A inclusão de novos dependentes não significa que qualquer neto, enteado ou sobrinho terá direito automático à pensão. A legislação trouxe critérios claros e restritivos para evitar abusos.
Menores sob guarda judicial
- Apenas crianças e adolescentes com guarda ou tutela judicial formalizada podem ser considerados dependentes.
- É necessário apresentar a decisão judicial que comprova a guarda.
Declaração formal do segurado
- O segurado falecido deve ter feito uma declaração oficial ao INSS reconhecendo o menor como seu dependente econômico.
- Essa declaração funciona como um vínculo legal, garantindo que o benefício seja direcionado de forma legítima.
Comprovação de dependência econômica
- O menor deve comprovar que não possui condições de se sustentar ou custear sua própria educação.

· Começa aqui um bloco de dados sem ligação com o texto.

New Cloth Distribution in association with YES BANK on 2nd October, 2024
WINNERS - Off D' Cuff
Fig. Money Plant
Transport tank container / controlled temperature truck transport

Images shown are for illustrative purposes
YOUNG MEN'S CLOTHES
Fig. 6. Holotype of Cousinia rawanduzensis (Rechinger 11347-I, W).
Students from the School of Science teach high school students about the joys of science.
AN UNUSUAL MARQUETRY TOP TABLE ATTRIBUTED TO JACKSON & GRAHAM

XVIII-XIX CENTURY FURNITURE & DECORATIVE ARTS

- Essa exigência reforça o caráter protetivo da pensão por morte, evitando que o benefício seja concedido a quem não se enquadra na situação de vulnerabilidade.

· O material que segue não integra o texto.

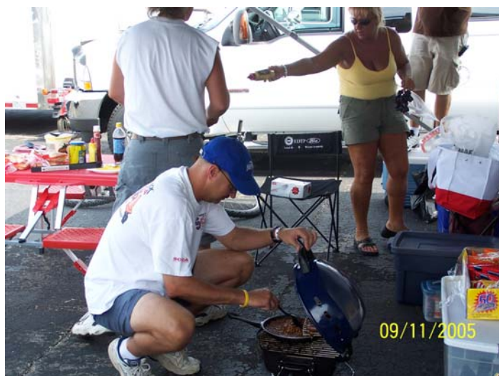
Lunch time. Lets just say the group ate well.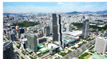
Soul, South Korea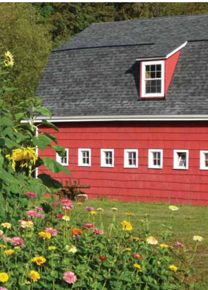
Serres Barn (1933), Happy Valley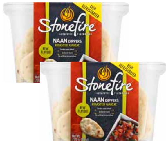
Original Or Everything Stonefire Nan Dippers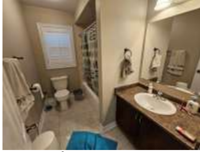
Pic. 17: 2 nd floor bathroom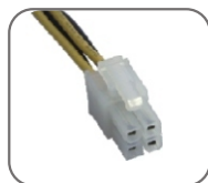
4 pin +12V CPU Connector x 1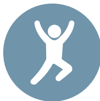
THE HABITS OF HEALTH TRANSFORMATIONAL SYSTEM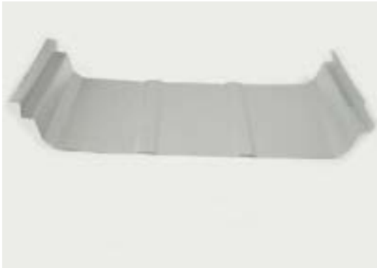
TremLock LSP Profile

TremLock LSP is a trapezoidal standing seam system designed for projects with slopes as low as \frac{1}{4}:12 . This system is best suited for simple sloped roofs without dormers, hips, valleys or other special conditions and can be installed over solid decking or substructural members. TremLock LSP is a field seamed panel.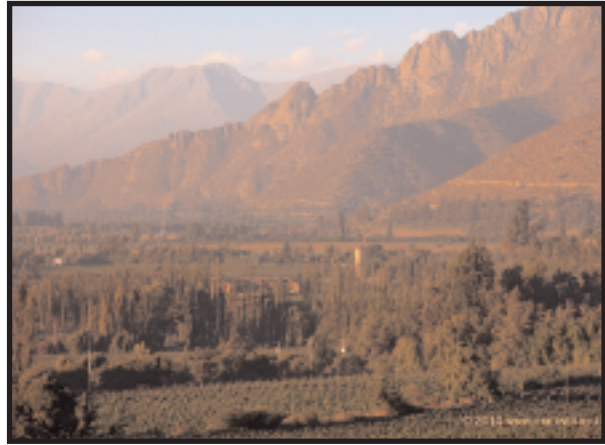
Vineyards in the Aconcagua Mountains.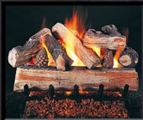
Cross Fire (XF) 18-30" (Reversible logs - bark or split)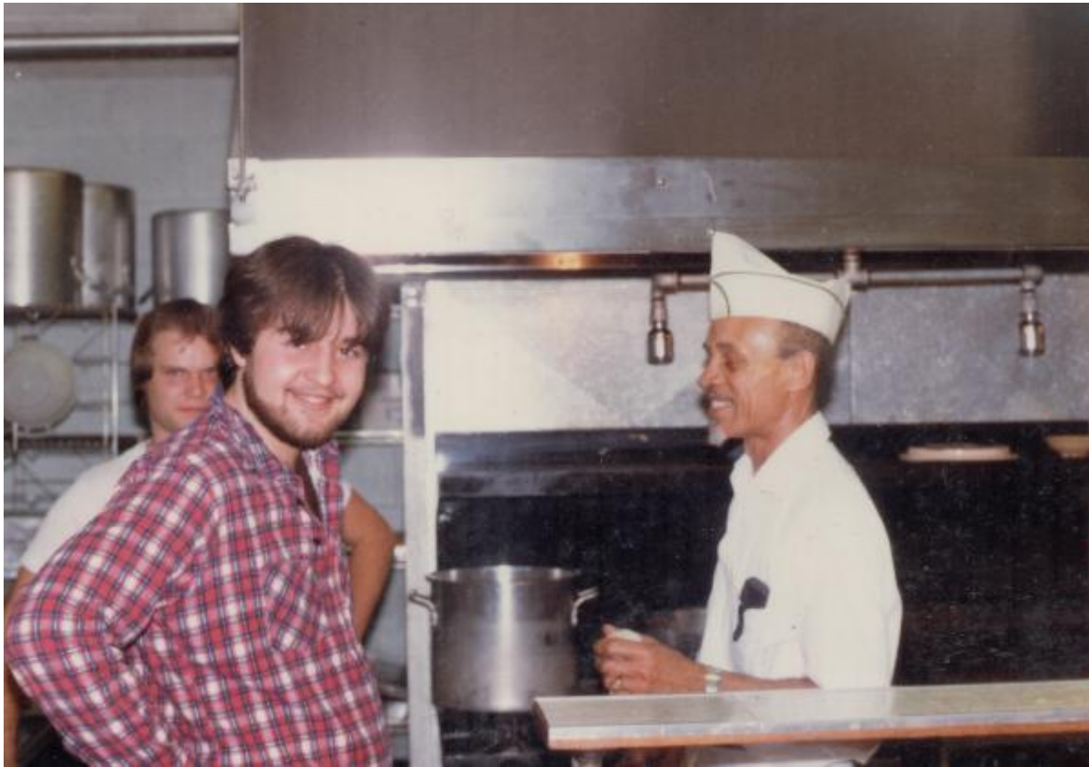
Danny and Burg argue whether to have grilled cheese or hot dogs on Mondays

Como funciona a pensão por morte do INSS
A pensão por morte é um benefício pago mensalmente aos dependentes de segurados do INSS que faleceram, seja em razão de acidente, doença ou outras causas.
Valor do benefício
O cálculo varia conforme a contribuição do segurado, mas segue regras definidas:
- Cota familiar de 50% do valor da aposentadoria a que o segurado teria direito.
- Acréscimo de 10% por dependente, limitado a 100%.
Exemplo: se o falecido tinha direito a uma aposentadoria de R$ 2.000 e deixou dois dependentes, o valor inicial será de 70% desse total (50% + 20%), ou seja, R$ 1.400.
Duração do benefício
A duração depende da idade e condição do dependente:
- Menores de idade: até os 21 anos, salvo em casos de deficiência.
- Cônjuge: prazo variável de acordo com idade, tempo de contribuição do falecido e tempo de casamento/união estável.
- Pais e irmãos: enquanto comprovada a dependência econômica.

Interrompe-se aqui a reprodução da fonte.